# Preparing for the Power Outages



## jemiljan

Here in Maadi, the power outages seem to already be as bad as they were last summer.
So, I'm now trying to purchase everything I need to prepare for extended outages, but wonder if anyone here can recommend some specific products and vendors?

Rechargeable LED lanterns and flashlights. Preferably with a good, long-lasting lilon battery. 

UPS system- any recommendations on a reliable model? I have never used one before.

Solar panel chargers? Does anyone know if there are any if portable, foldable photovoltaic chargers are sold here domestically? With the drop in PV prices in recent years and our reliable sun, why not? I know there are models in the US and Europe that will keep a refrigerator running. 

Battery-powered fans?

Large rechargeable batteries? 

I can't use a generator in my apartment, as I don't have the space or a reasonable balcony, but I suppose that others would, so it's good info to have on file.


----------



## MaidenScotland

You can purchase large lights from Carrefour.. I just leave mine plugged in and when the power shortages come they automatically switch on.. I think I paid about 75 pounds a few years ago for mine and I have seen them used in clubs for security lightening on stairs in the event of a power cut.

I am not sure about anything else but what about looking for solar lamps the type they use in the garden.


----------



## Sonrisa

i have candles...Lots of them. A particularly huge one lights up the whole room


----------



## canuck2010

I have a little light on my cellphone.


----------



## jemiljan

I like candles, but in the summer heat, they can really heat things up. LED lights are a far more comfortable alternative, as they are bright enough that I can manage to do a little cooking...


----------



## tracyc11

These power cuts are seriously ridiculous already. Every other night- and sometimes every night - and an hour or more at a time. Bloody stupid. Might as well just sit out on the balcony with a vino .....


----------



## expatagogo

tracyc11 said:


> These power cuts are seriously ridiculous already. Every other night- and sometimes every night - and an hour or more at a time. Bloody stupid. Might as well just sit out on the balcony with a vino .....
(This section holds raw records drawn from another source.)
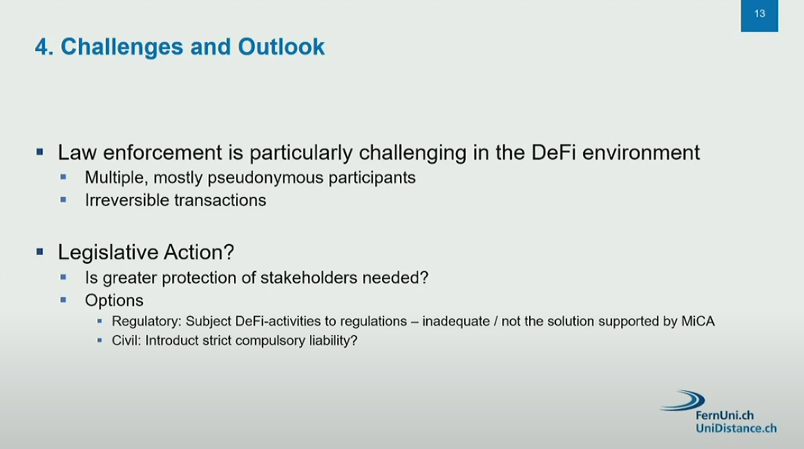 - DeFi is transnational, requiring difficult cross-border cooperation
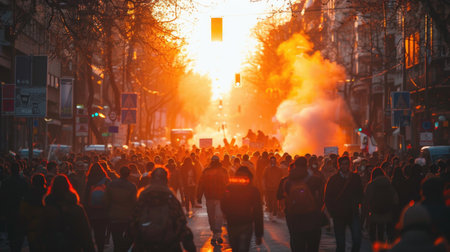 Urban turmoil, street riots civil unrest and societal tensions, chaos and intensity of public protest and demonstration in the heart of the city
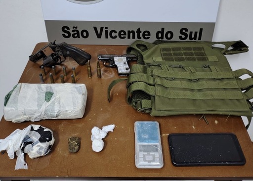 Um jovem de 20 anos e um homem de 31 foram presos por porte ilegal de arma e tráfico de drogas na noite de quarta-feira (29), na Estrada Timbaúva, em São Vicente do Sul. Um dos suspeitos já havia sido detido horas antes por posse de arma.
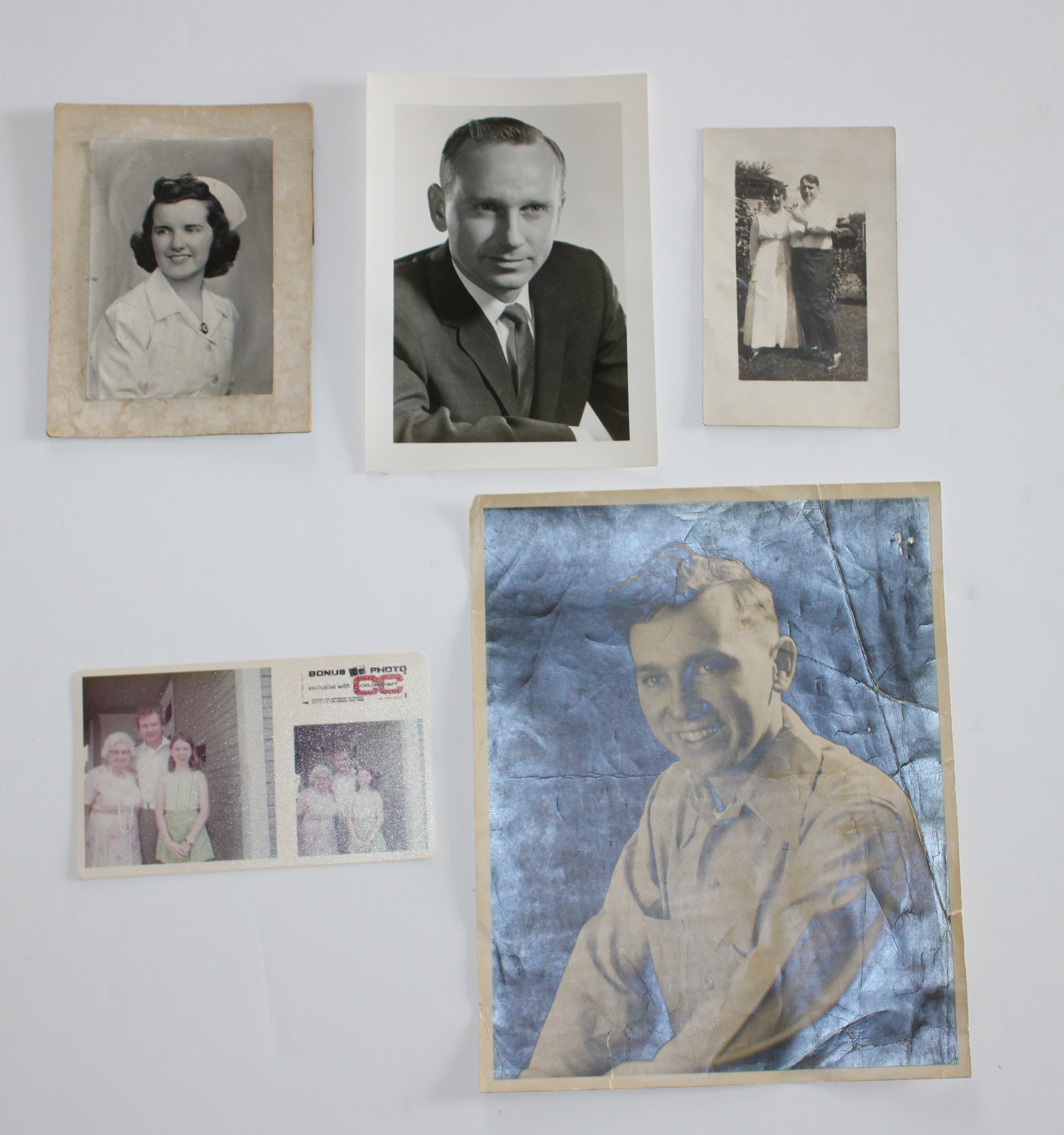 Items: 0003: Clark Family wedding photo; 0004: Clark family photo featuring an older woman, a man, and a younger girl; 0005: Clark family photo featuring a nurse; 0006: Clark family photo featuring a middle-aged man; 0007: Clark family photo featuring a young man.

In my neck of the woods they usually do it right at the last call to pray.

That will make for a mighty fine Ramadan.


----------



## hurghadapat

expatagogo said:


> In my neck of the woods they usually do it right at the last call to pray.
> 
> That will make for a mighty fine Ramadan.[/QUO
> 
> 
> and here's the reason :-
> 
> 
> Saudi Gazette - Egypt short of money to fuel power stations: ministry


----------



## tracyc11

Yes- in general the country is bust! In many aspects! And yes it is at the last call to prayer- but funny enough- I'm sat here in the dark but there's plenty of power to blast out the call......


----------



## expatagogo

tracyc11 said:


> Yes- in general the country is bust! In many aspects! And yes it is at the last call to prayer- but funny enough- I'm sat here in the dark but there's plenty of power to blast out the call......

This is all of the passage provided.